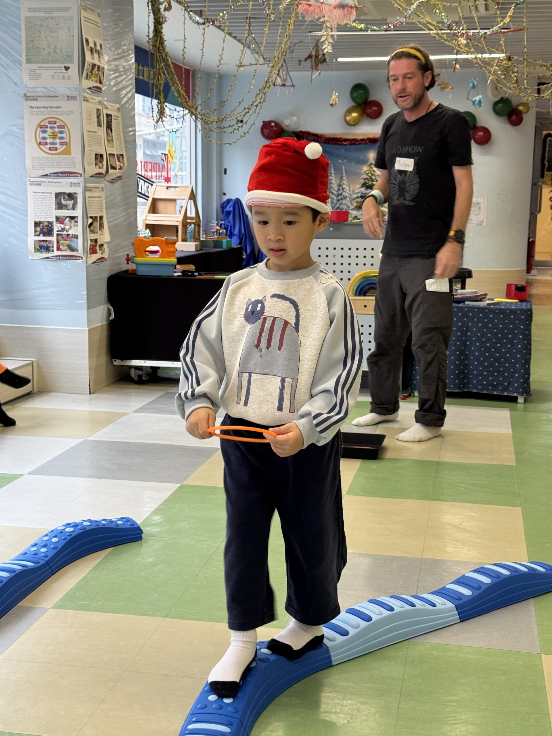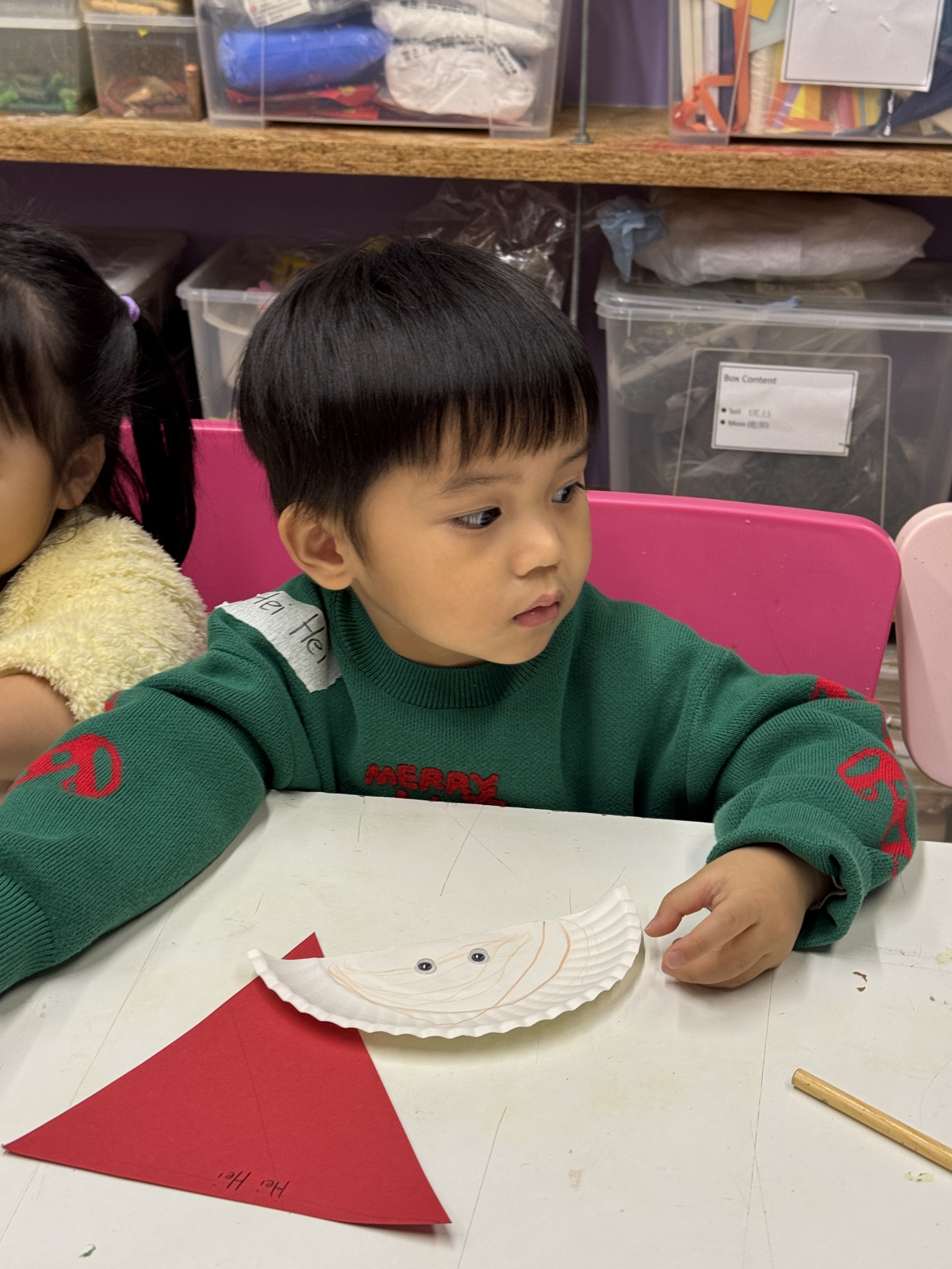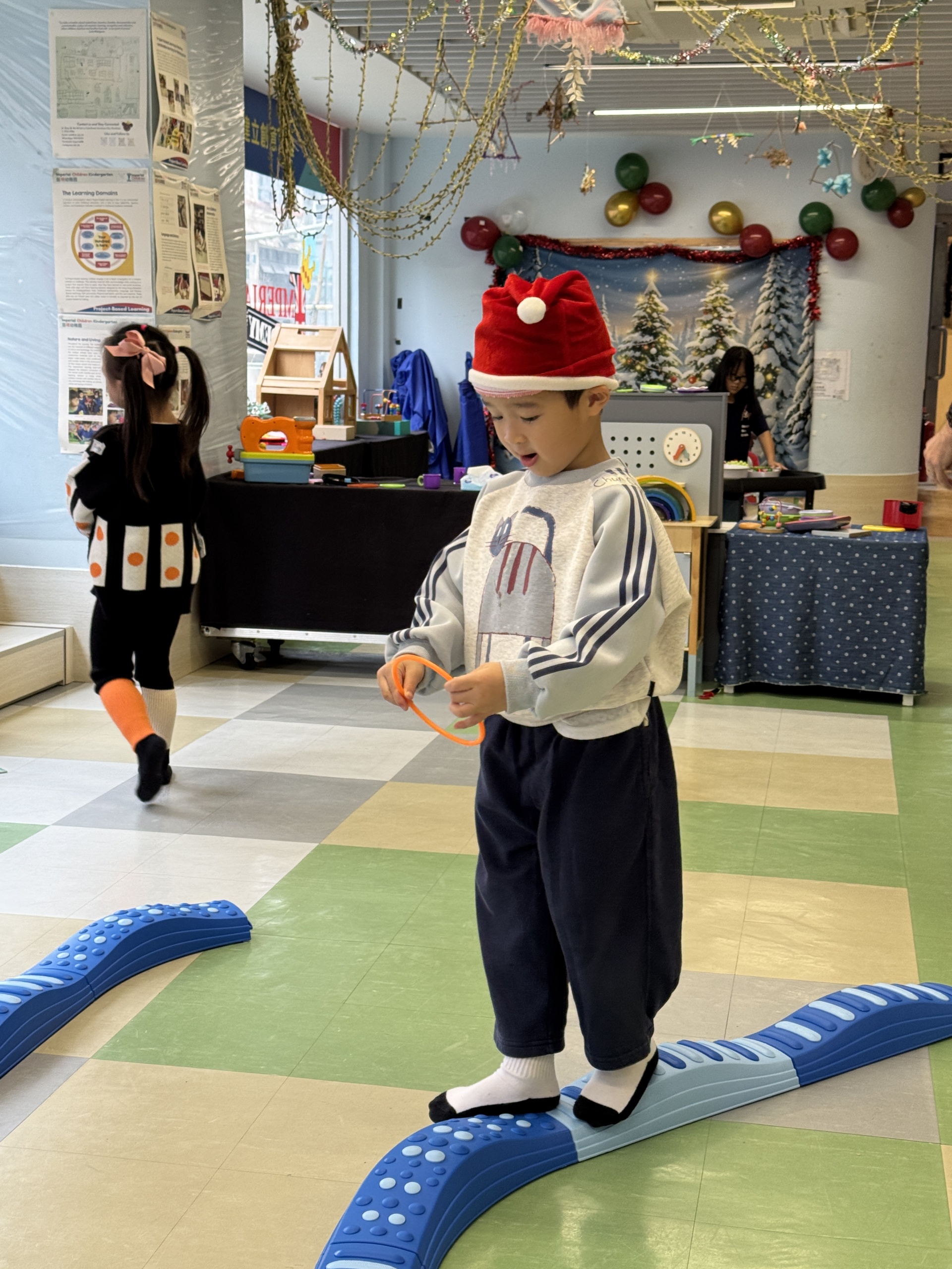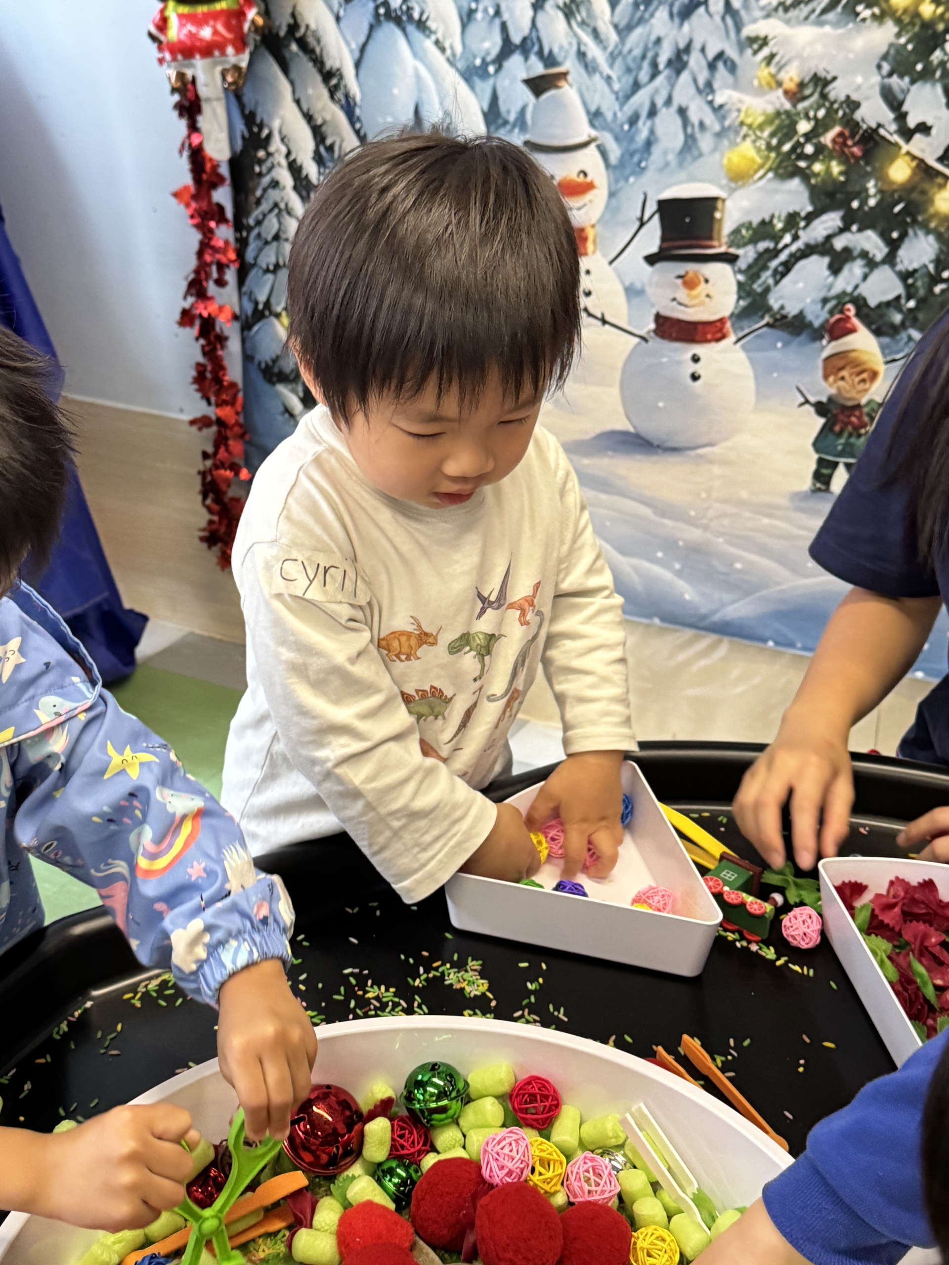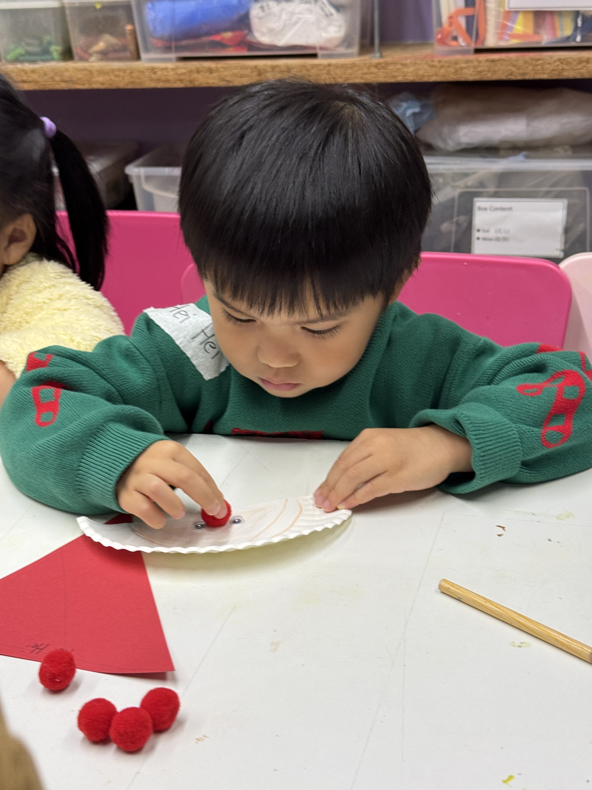 今天我們親手製作了聖誕老人的手工作品,在音樂呼啦圈的團體遊戲中跟著節奏歡笑奔跑,還一起用閃亮的裝飾點亮了屬於我們的聖誕樹。
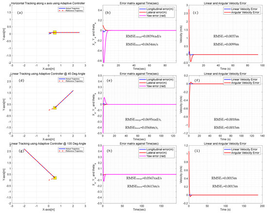 Simulation results of linear trajectory tracking with different orientations; (a–c) Tracking trajectory, position, and orientation error and velocity tracking error of simulation with horizontal orientation; (d–f) Tracking trajectory, position, and orientation error and velocity tracking error of simulation with 45° orientation; (g–i) Tracking trajectory, position, and orientation error and velocity tracking error of simulation with 135° orientation.
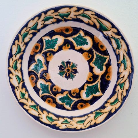 Smukt sæt med 4 ældre spanske håndmalede keramikplatter, alle signeret “Gonfer” på bagsiden. Platterne har en flot dekorativ bølget kant og egner sig perfekt som vægdekoration Alle fremstår i pæn stand uden skår eller revner (se billeder).
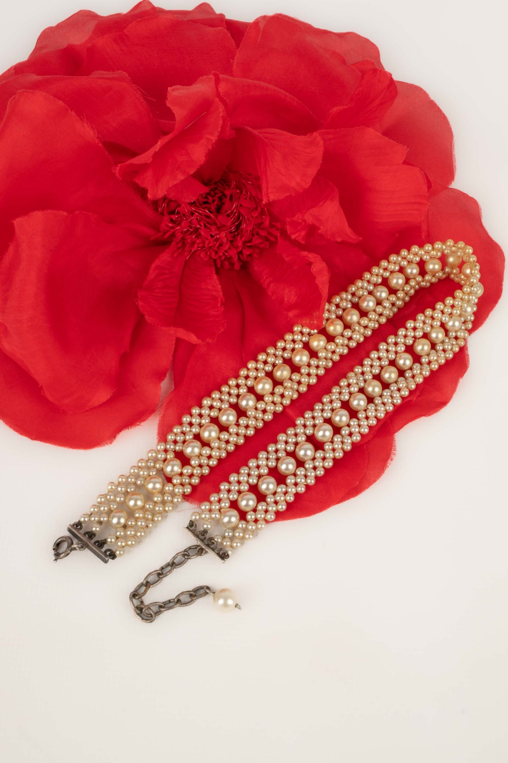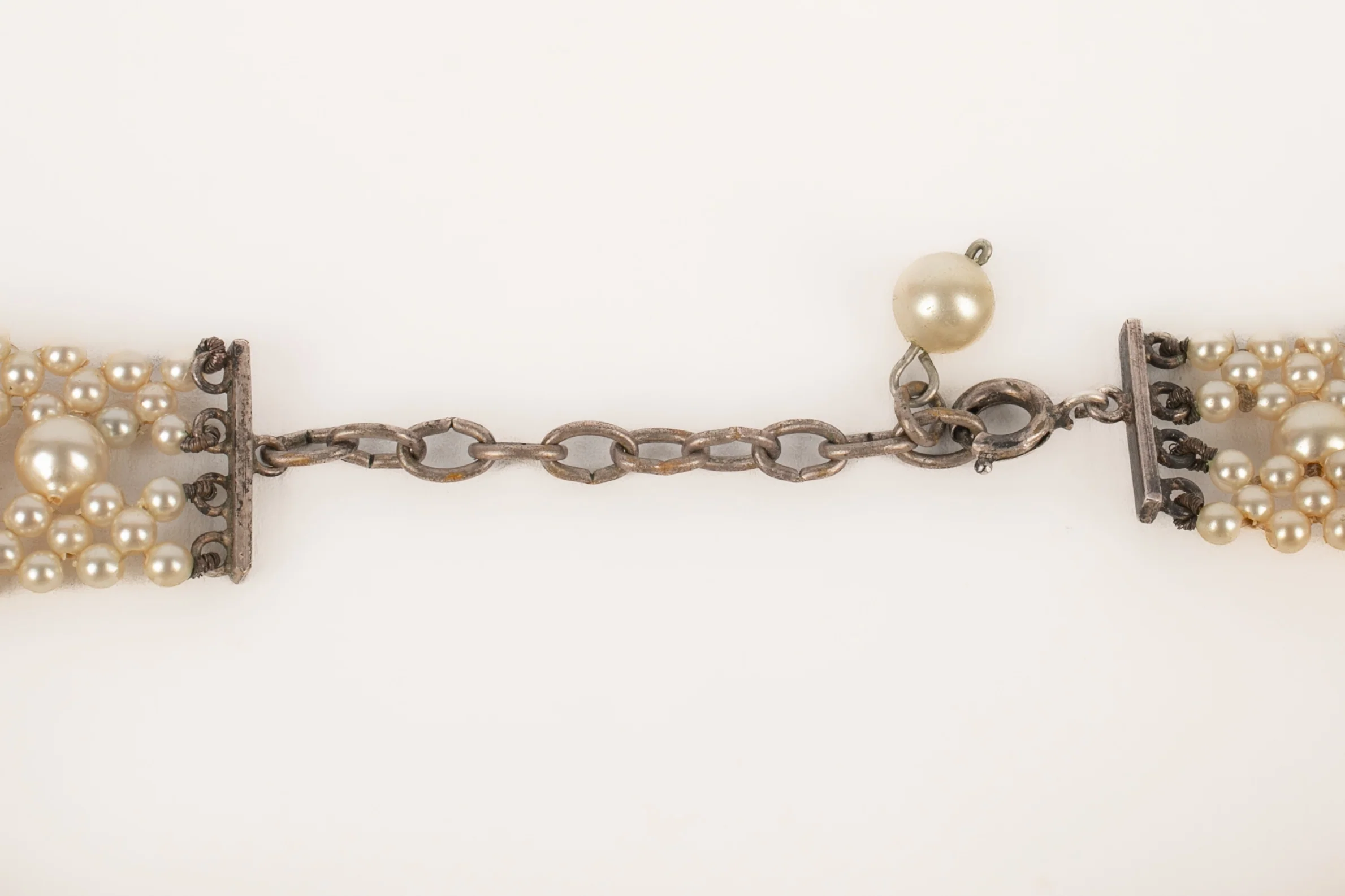 ANONYME -Collier ras de cou en perles nacrées fantaisies et métal argenté datant des années 1920.

=======

→ Action item:
Reproduce the opening lines of the material above exactly, ending with the line that contains "Simulation results of". Omit every picture.

→ Exercise result:
 今天我們親手製作了聖誕老人的手工作品,在音樂呼啦圈的團體遊戲中跟著節奏歡笑奔跑,還一起用閃亮的裝飾點亮了屬於我們的聖誕樹。
 Simulation results of linear trajectory tracking with different orientations; (a–c) Tracking trajectory, position, and orientation error and velocity tracking error of simulation with horizontal orientation; (d–f) Tracking trajectory, position, and orientation error and velocity tracking error of simulation with 45° orientation; (g–i) Tracking trajectory, position, and orientation error and velocity tracking error of simulation with 135° orientation.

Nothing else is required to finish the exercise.